▶ SUPPLIED INFORMATION
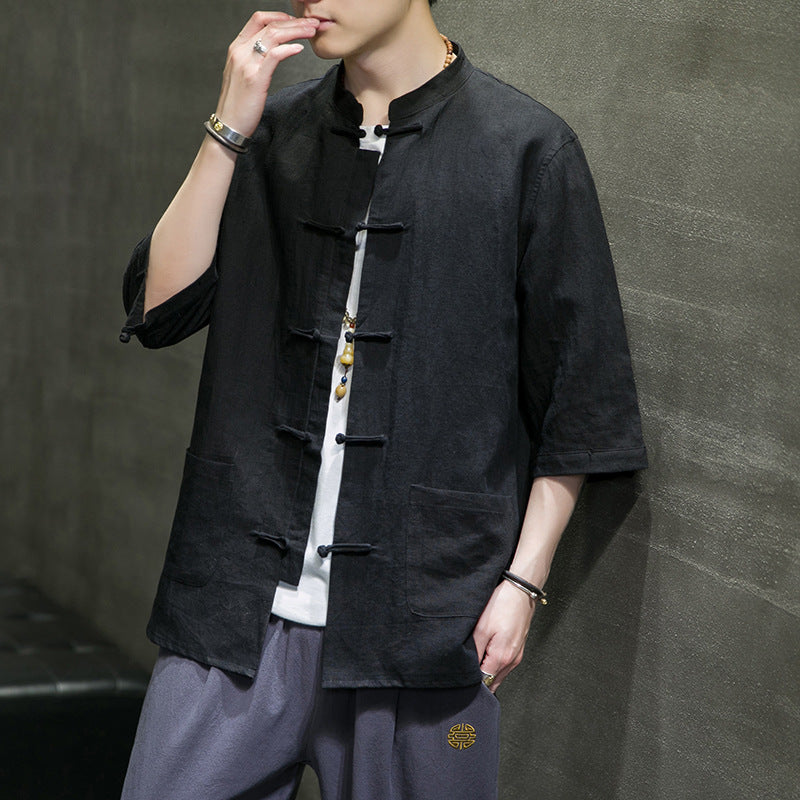 Chinese Style Men’s Linen Shirt Chinese Cotton Linen
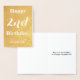 Este elegante y sencillo diseño de tarjetas de cumpleaños de Relieve metalizado dorado incluye un mensaje como "¡Feliz segundo cumpleaños, Jessica!" en la parte delantera. El nombre ("Jessica") se puede cambiar para personalizar la tarjeta. El interior muestra un mensaje de personalizable como "¡Que tu segundo cumpleaños sea feliz y alegre!". Podría ser dado a alguien que esté celebrando su segundo cumpleaños. [~Z0000007]
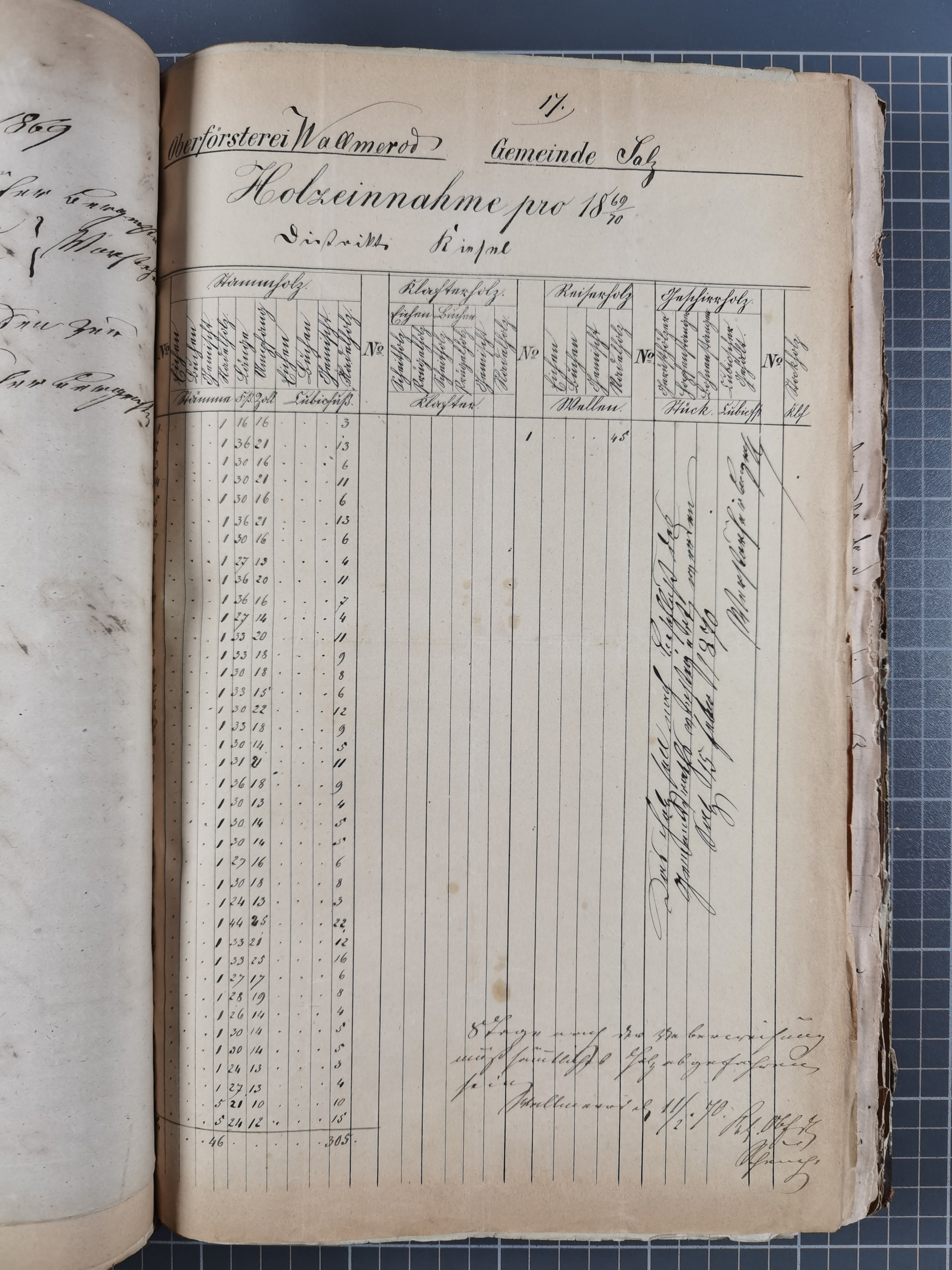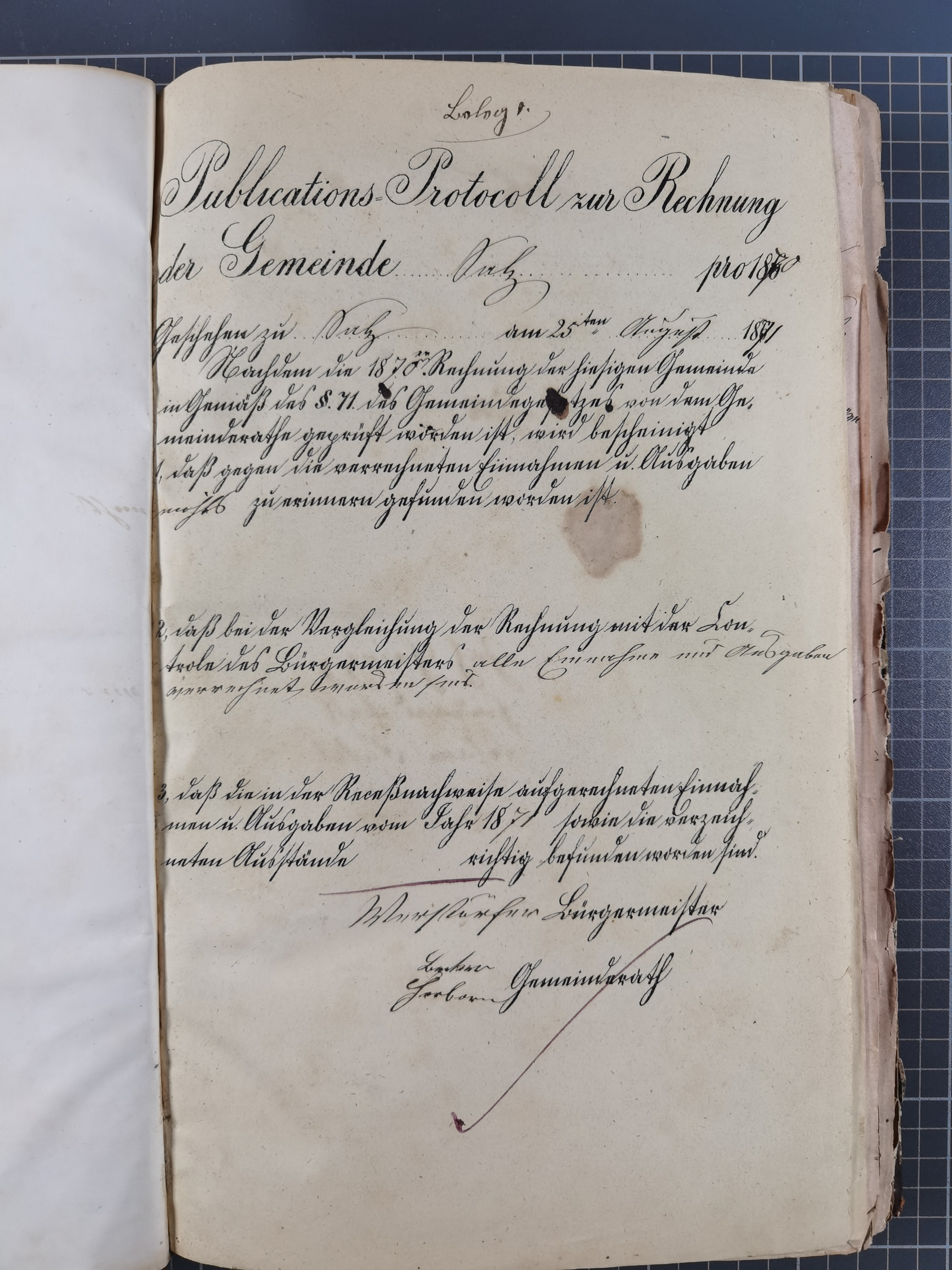 1870/71, Kassenbuch der Gemeinde Salz im Westerwald, darin eingebunden Quittungen, einige Briefe, Postscheine, etc.

▶ TRY IT
Repeat the data exactly, dropping every picture it holds.

▶ RESPONSE
 Chinese Style Men’s Linen Shirt Chinese Cotton Linen
 Este elegante y sencillo diseño de tarjetas de cumpleaños de Relieve metalizado dorado incluye un mensaje como "¡Feliz segundo cumpleaños, Jessica!" en la parte delantera. El nombre ("Jessica") se puede cambiar para personalizar la tarjeta. El interior muestra un mensaje de personalizable como "¡Que tu segundo cumpleaños sea feliz y alegre!". Podría ser dado a alguien que esté celebrando su segundo cumpleaños. [~Z0000007]
 1870/71, Kassenbuch der Gemeinde Salz im Westerwald, darin eingebunden Quittungen, einige Briefe, Postscheine, etc.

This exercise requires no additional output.